Exploration of cluster assignment uncertainty for A) faecal calprotectin (FC) and B) CRP clusters. LCMM assigns individuals to the cluster with the highest estimated probability. For individuals assigned to a given cluster, bars show the average probability of cluster assignment to each possible cluster. Results are stratified according to follow-up length, defined as the time difference between diagnosis and the last available biomarker measurement (FC or CRP for A) and B), respectively). Clusters are ordered from lowest (FC1 and CRP1) to highest (FC8 and CRP8) cumulative inflammatory burden, with adjacent clusters coloured sequentially in the plots for FC (black to yellow) and CRP (blue to yellow).
Comparison of FC and CRP clustering
Overall, all FC clusters were well represented amongst the 808 subjects included in both analyses (overlap cohort), but CRP8 was underrepresented (∼27% of CRP8 was in the overlap cohort vs ∼46% elsewhere; Figure S26). When comparing FC and CRP clustering in the overlap cohort, there was little agreement (Figure 6 (A)). Whilst most subjects in FC1 (71.6%) were also in CRP1 or CRP2, this relationship was not mirrored as 81.2% of subjects in the latter two clusters were assigned to substantially different FC clusters. However, CRP8 did overlap with elevated FC as the vast majority of subjects in this cluster (80.8%) were assigned to either FC7 or FC8. For the 451 CD subjects in the overlap cohort, largely similar patterns were observed (Figure 6 (B)). For the 276 UC subjects, a substantial proportion of FC7 (45.1%) were assigned to CRP1 (Figure 6 (C)), perhaps reflecting the characteristic where UC patients are less likely to mount an abnormal CRP response than CD patients21.
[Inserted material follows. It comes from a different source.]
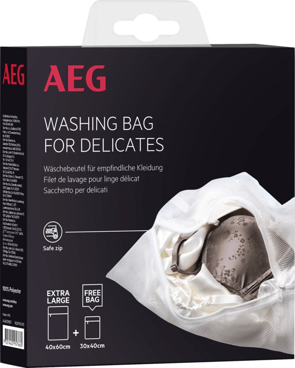 AEG pyykinpesupussit. Suojaavat herkimpiä vaatekappaleitasi pesussa ja saavat ne kestämään kauemmin. Sisältää 1 x 40x60 cm pussi ja 1 x 30x40 cm pussi.Tutustu ominaisuuksiin
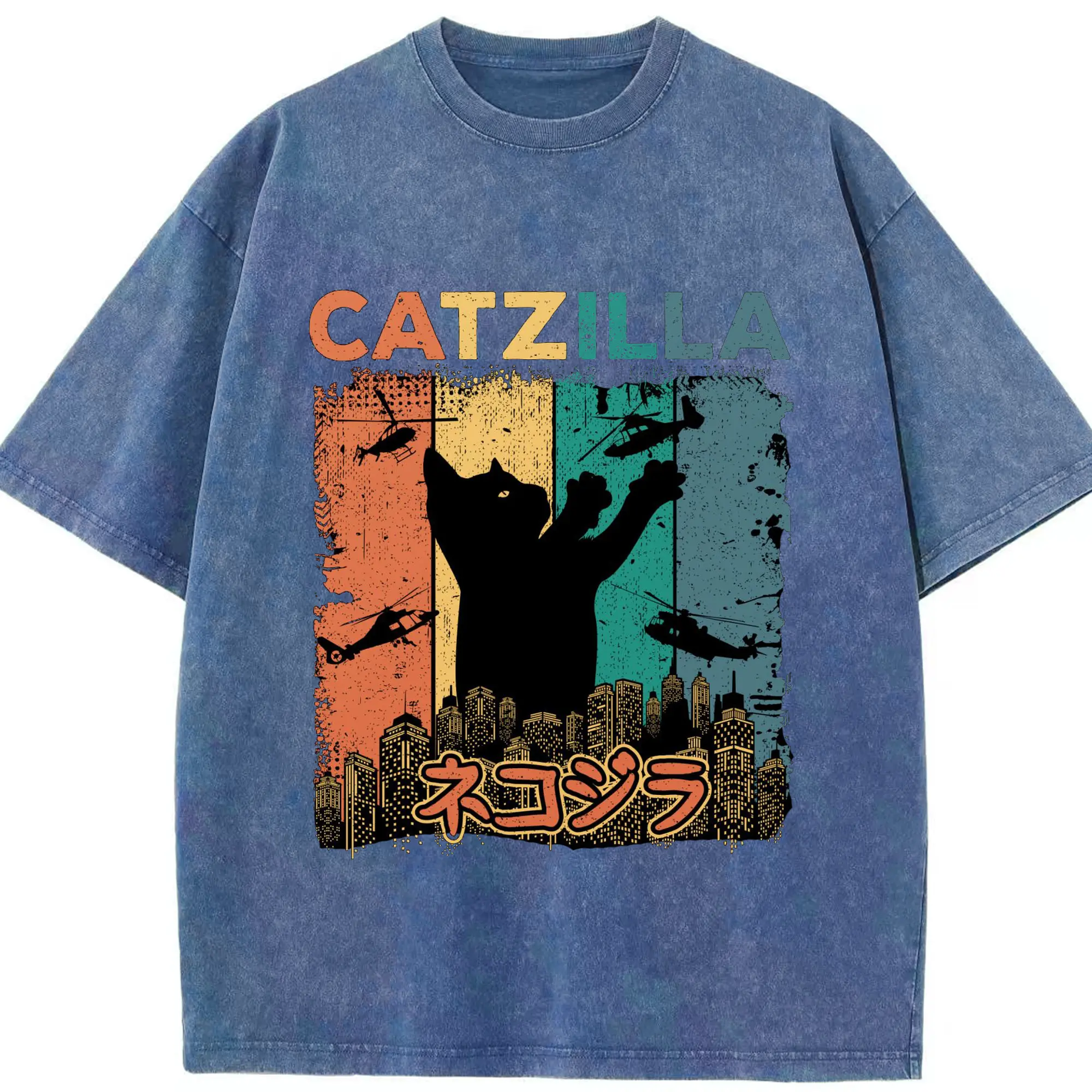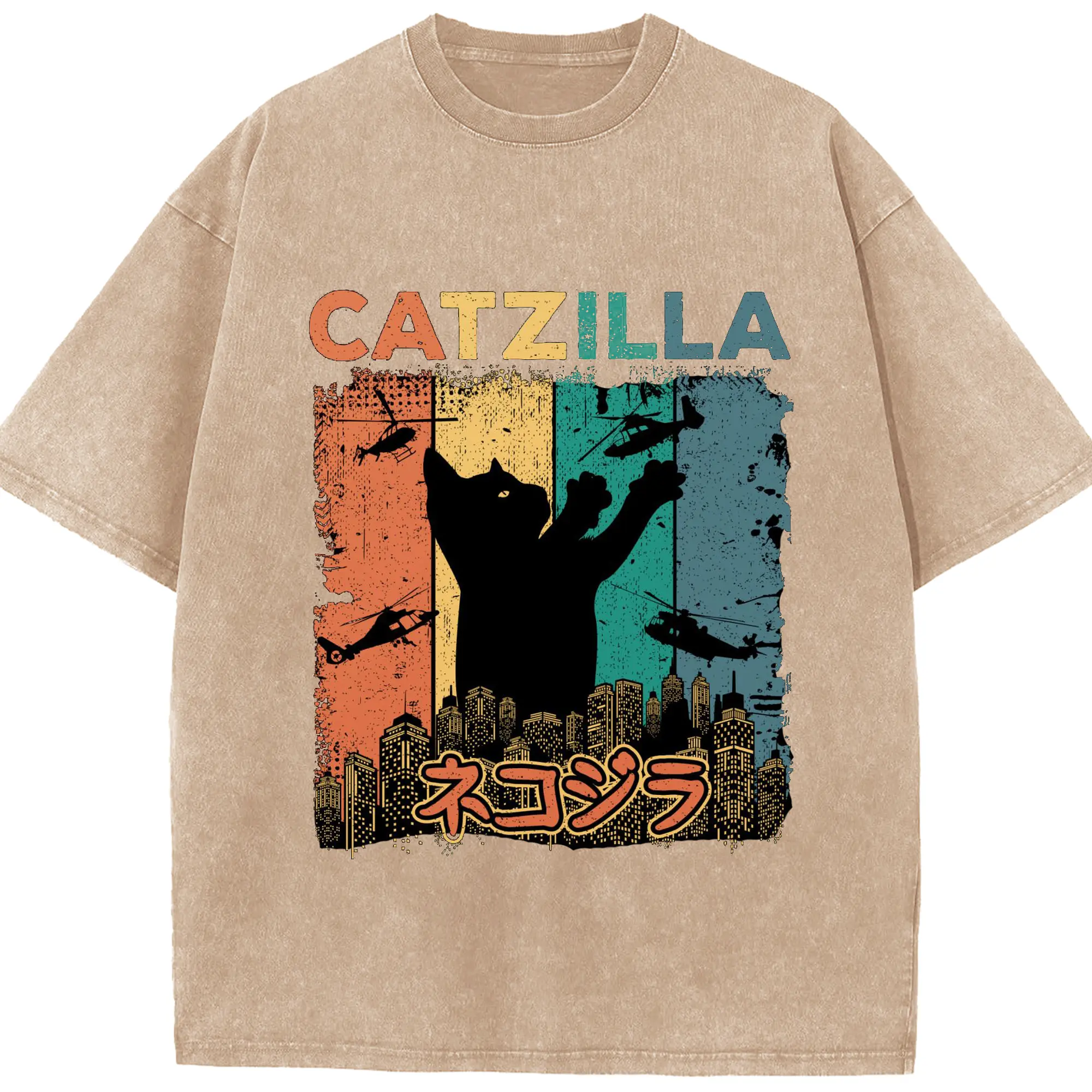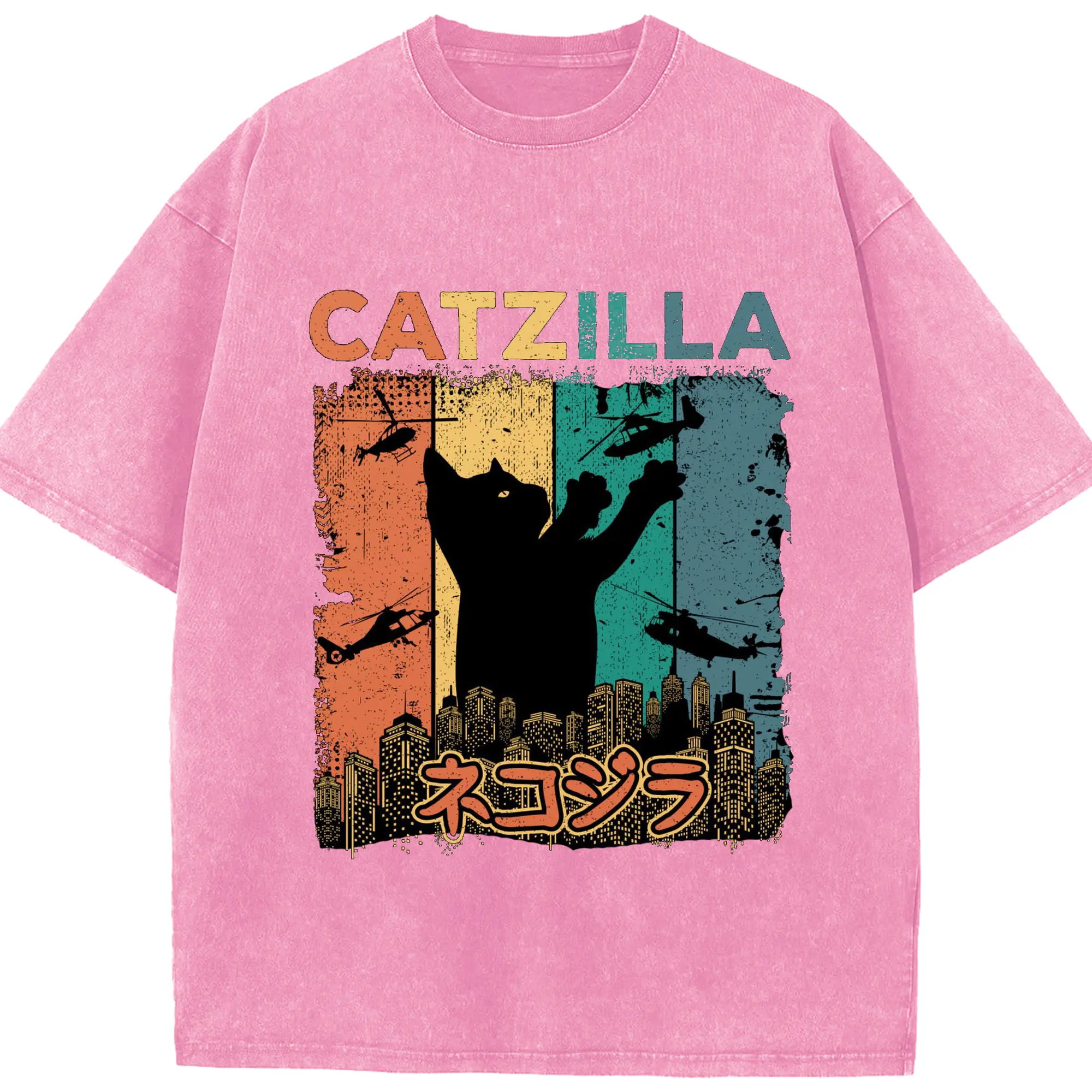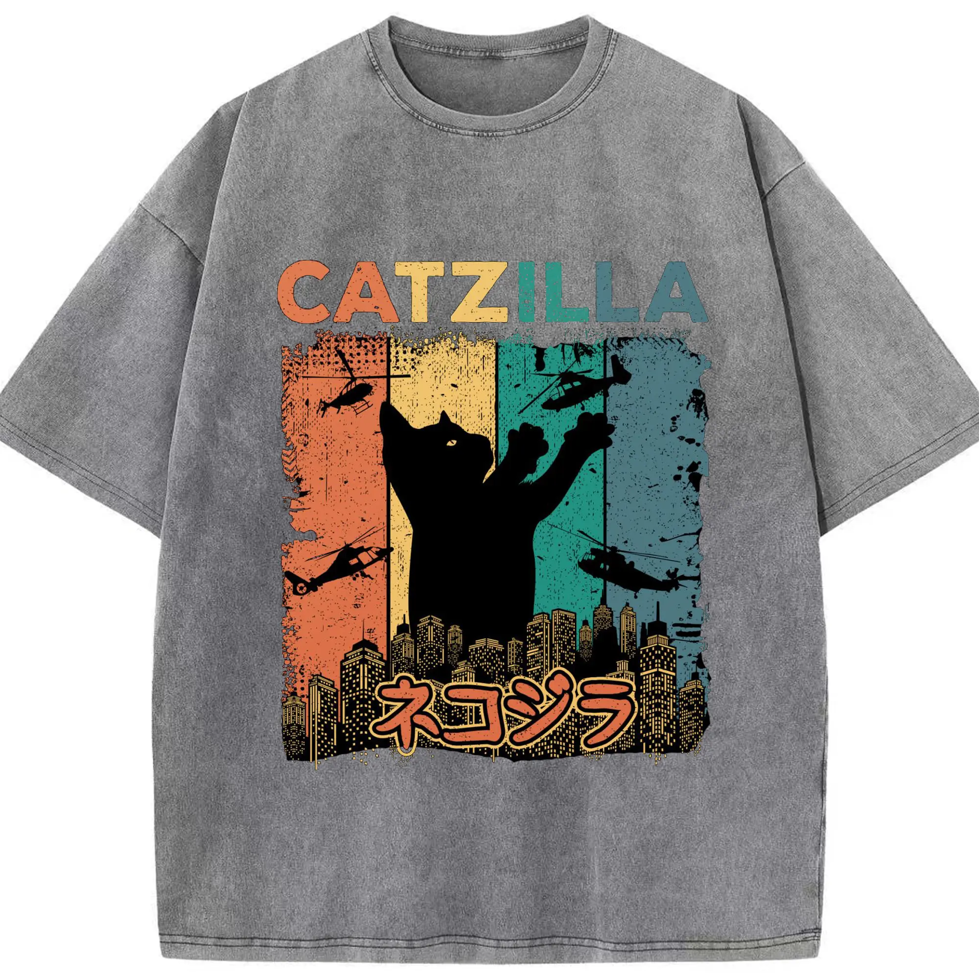 ゴジラ キャットジラ CATZILLA - 綿100% ヴィンテージ風 半袖Tシャツ ・ フロントプリント ・ 柔らか肌触り ・ 通気性 快適 ・ スポーツ カジュアル 外出用

Comparison between faecal calprotectin (FC) and processed CRP for models with chosen specification (three NCS) assuming eight clusters. Results are reported based on the overlap cohort, consisting of 808 subjects included in both the FC and CRP analysis. (A) all subjects; (B) Crohn’s disease; and (C) ulcerative colitis. Each segment denotes the size of the cluster whilst the alluvial segments connecting the nodes visualises the number of subjects shared between clusters.
Discussion
We have characterised IBD behaviour using long-term longitudinal trends of objective inflammatory markers routinely collected for clinical care. Our model has uncovered, in a large IBD cohort, eight clusters with distinct inflammatory profiles based on FC and CRP, respectively. Our data highlights the heterogeneity of the disease course, and present a novel approach for understanding real-world patterns of inflammatory activity in IBD patients. For the first time, we are capturing the dynamic nature of the disease in a more biologically nuanced way than traditional behaviour endpoints such as treatment escalation, surgery and “Montreal progression”. Moreover, this represents a marked shift from the traditional symptom-based behaviour profiles exemplified by the IBSEN cohorts over a decade ago.9,10
This study builds on our earlier proof-of-concept work, where we first demonstrated the feasibility of using long-term individualised profiles of FC to cluster IBD patients with CD.15 In our previous analysis we identified four distinct FC clusters: one cluster with persistently high FC (non-remitters) and three clusters with different downward longitudinal trends. Here, we expand upon this by considering a substantially larger IBD cohort (FC cohort, n=1036; CRP cohort, n=1838), with longer follow-up, not excluding patients based on indicators of disease severity, and also including patients with UC or IBDU. In addition, we modelled CRP. This has generated results with greater representativeness across IBD phenotypes, uncovering more granular structure with eight distinct FC clusters rather than four. Whilst the modelling suggested further partitioning of the FC data was possible (Figure S5, Figure S7 (A)), we selected the eight-cluster model as a parsimonious choice that captured the key inflammatory patterns (Figure 2). Notably, the CRP data also partitioned into eight distinct clusters. Together, the clusters broadly fall into four patterns of inflammatory behaviour mirroring those recognised by gastroenterologists managing IBD patients (i) rapid remitters (FC1 and CRP2), (ii) delayed remitters (FC3, FC7 and CRP5), (iii) relapsing-remitters (FC4-6 and CRP4 and CRP7), and (iv) non-remitters (FC8 and CRP6 and CRP8). These classifications provide new insights into the inflammatory course of IBD patients.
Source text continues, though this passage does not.